**Your objective**
Once you find the line with "HR manager approving" in the entries below, return exactly every line from it through the line with "Ne è un esempio".

**Records supplied**
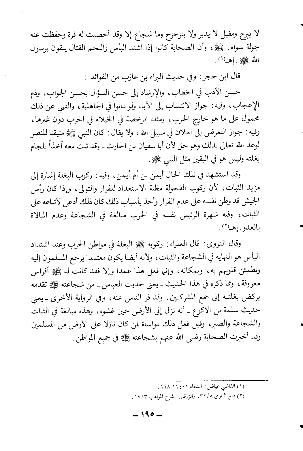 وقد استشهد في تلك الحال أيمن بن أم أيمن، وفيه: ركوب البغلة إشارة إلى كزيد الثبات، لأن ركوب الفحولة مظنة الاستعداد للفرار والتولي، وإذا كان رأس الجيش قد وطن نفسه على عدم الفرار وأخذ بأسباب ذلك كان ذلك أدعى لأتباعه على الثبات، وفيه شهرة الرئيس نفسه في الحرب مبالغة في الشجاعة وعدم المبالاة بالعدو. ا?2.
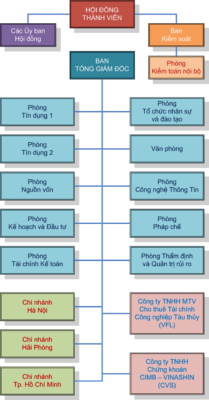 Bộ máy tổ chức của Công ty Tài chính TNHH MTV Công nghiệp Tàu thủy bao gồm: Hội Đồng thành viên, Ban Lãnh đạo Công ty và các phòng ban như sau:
...
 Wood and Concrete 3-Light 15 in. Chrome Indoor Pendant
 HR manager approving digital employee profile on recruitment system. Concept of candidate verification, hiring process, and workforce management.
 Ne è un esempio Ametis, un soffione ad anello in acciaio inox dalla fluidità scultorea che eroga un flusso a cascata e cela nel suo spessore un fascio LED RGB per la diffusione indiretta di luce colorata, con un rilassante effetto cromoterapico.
---
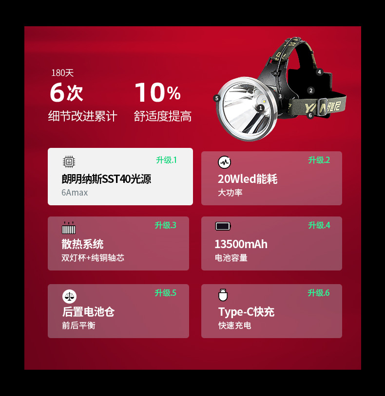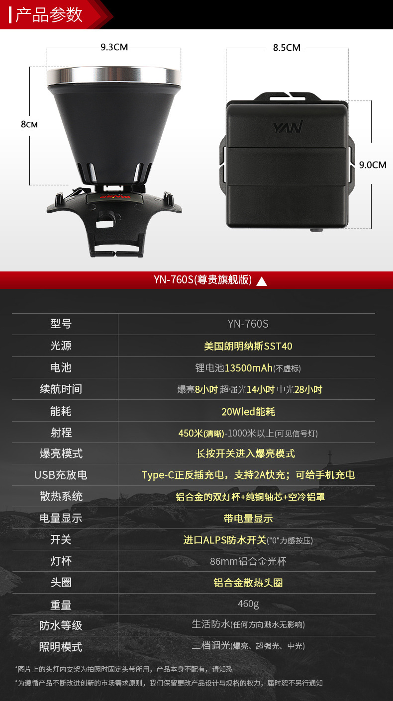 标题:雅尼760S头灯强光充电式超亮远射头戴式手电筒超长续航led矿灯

**Answer**
 HR manager approving digital employee profile on recruitment system. Concept of candidate verification, hiring process, and workforce management.
 Ne è un esempio Ametis, un soffione ad anello in acciaio inox dalla fluidità scultorea che eroga un flusso a cascata e cela nel suo spessore un fascio LED RGB per la diffusione indiretta di luce colorata, con un rilassante effetto cromoterapico.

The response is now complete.